Category: Blog

  • LinuxJournalRipper

    LinuxJournalRipper

    TL;DR : These scripts are made for Mac or Linux. They can download every old issues of the Linux Journal into PDF. To download old issues locally just run a command like ./LJ-ripper-....sh.
    One can freely use my scripts under BSD-2 clause licence.

    (c) eliotlencelot, 2019.

    What is LinuxJournalRipper

    It is a script available for Mac and Linux that download the 131 first issues of the Linux Journal in PDF.

    Why?

    On August 7, 2019 Linux Journal shut its doors for good. The website is now mostly open for everyone, they have removed the paywall (as of 2019-08) for the HTML version of Linux Journal, but it is still paywalled for PDF/ePub/Mobi version.
    We, the people, fear that the website will be also shut down in a near future, as it represents a cost for a defunct company. Hence, this is an emergency script make to download the 131 first issues of Linux Journal in PDF !

    The generated PDF are portable, lightweight and without any advertisment (contrary to a scanned file from that era).

    What does this script do?

    This (emergency) script :

    1. goes on the Linux Journal main archive page https://secure2.linuxjournal.com/ljarchive/LJ/tocindex.html
    2. download the list of Linux Journal issues.
    3. goes on each issue sub-website and download the list of articles of this issue.
    4. download each article.
    5. create a unique PDF per issue.
    6. put the whole thing in a “Linux Journal” folder with logs in a “Logbooks” folder and cleanly quit.
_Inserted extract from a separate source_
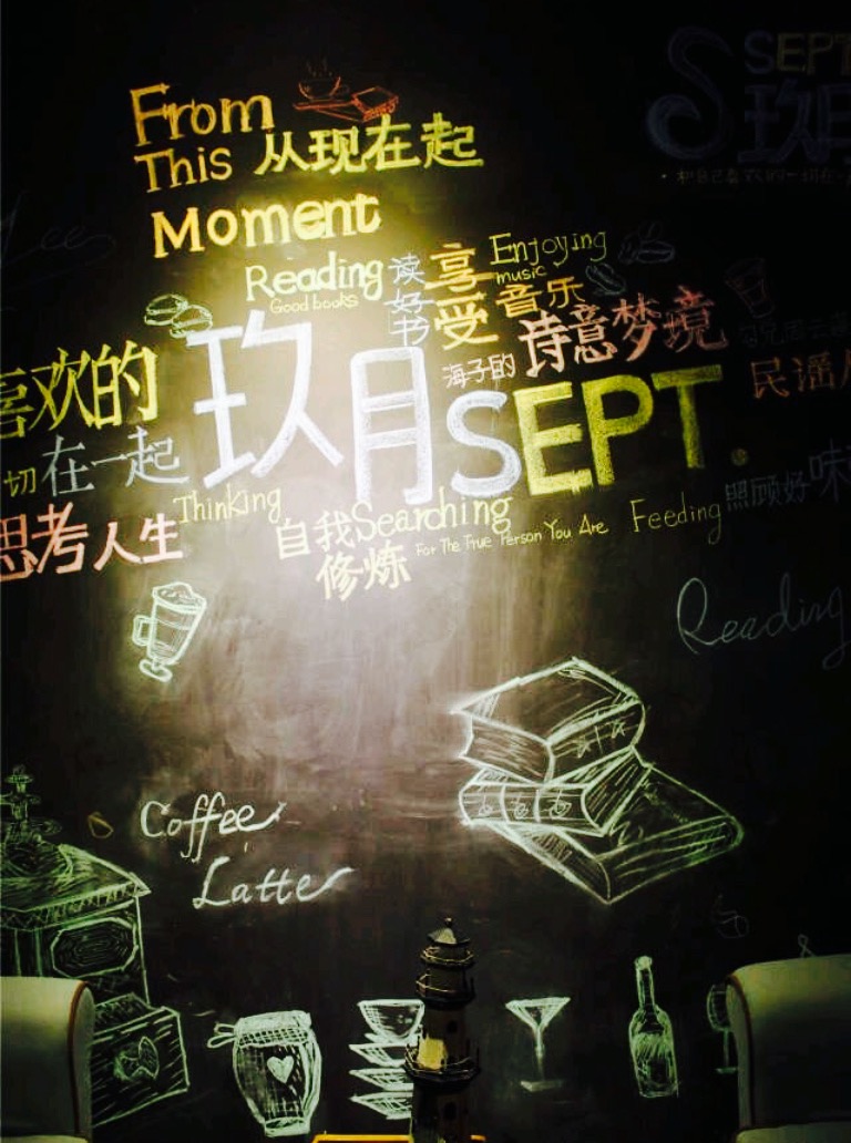 店内共分为楼上楼下三层,一楼是独立书吧结合创意小店,书吧中的图书种类相当丰富,创意小店出售各类设计感十足的各类饰品,每一件都新颖独特,让人爱不释手。二楼是玖月颇具文艺,小资情调的卡座空间,图书,胶片,雕塑等各类物品充斥在二楼各处,清爽,文艺,古色古香,优雅,似乎在这边都能寻得到踪影。三楼则是玖月咖啡馆的核心地点,点餐吧台,各类卡座,电影放映室,看电影图书区,表演舞台都集中在这边。在这边点一杯咖啡,要一份招牌意面,看一下场关于青春的电影,觉得人生的惬意享受也不过如此了。玖月咖啡馆每周一三五六都会有民谣演出,邀请各地民谣歌手进行民谣歌曲演绎,吸引了一大批文艺青年前来聆听。
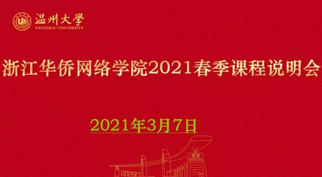 浙江华侨网络学院在省侨办、侨联与温州大学共同筹建下于2020年7月授牌成立。自成立以来,学院积极整合海内外华人资源,为海内外侨胞量身定制设计课程,全力打造海外侨胞爱用、好用、管用的为侨服务网络学习平台,成为全球华侨华人的“加油站”。2021年2月,浙江华侨网络学院获评“2020年度全省侨联系统“最具影响力工作。

    Which systems can run this script?

    This (emergency) script run in :

    • Apple macOS : Intel Mac, see the Mac folder for more information.
    • FreeBSD : x86 or AMD64, see the Mac folder for more information.
    • GNU/Linux : x86, see the Linux 32 bits folder for more information ; AMD64 see the Linux 64 bits folder for more information ; other architechture as long as the dependecies exist ;
    • Microsoft Windows : Should work with Cygwin or WSL as long as the dependecies exist.

    How much time did it took?

    Took half a night on an old Intel Core 2 Duo processor with a gigabit connexion.

    License of my script

    My script are BSD-2:

    My script use BSD-2 “Simplified” license, see the LICENSE file.

    Dependencies licences:

    • GNU Core Utilities, lynx, WeasyPrint and if needed ImageMagick are all free and open-source tools. I did not modify their source code, I just call them. Their license is respectively GPLv3, GPLv2, BSD-3 “Revised” and Apache. See their website for more information.
    • CPDF is open-source but not FLOSS : code is accessible online, there are no fees for personal use, but there are fees for commercial use. License for CPDF is available here. It does also add a watermark.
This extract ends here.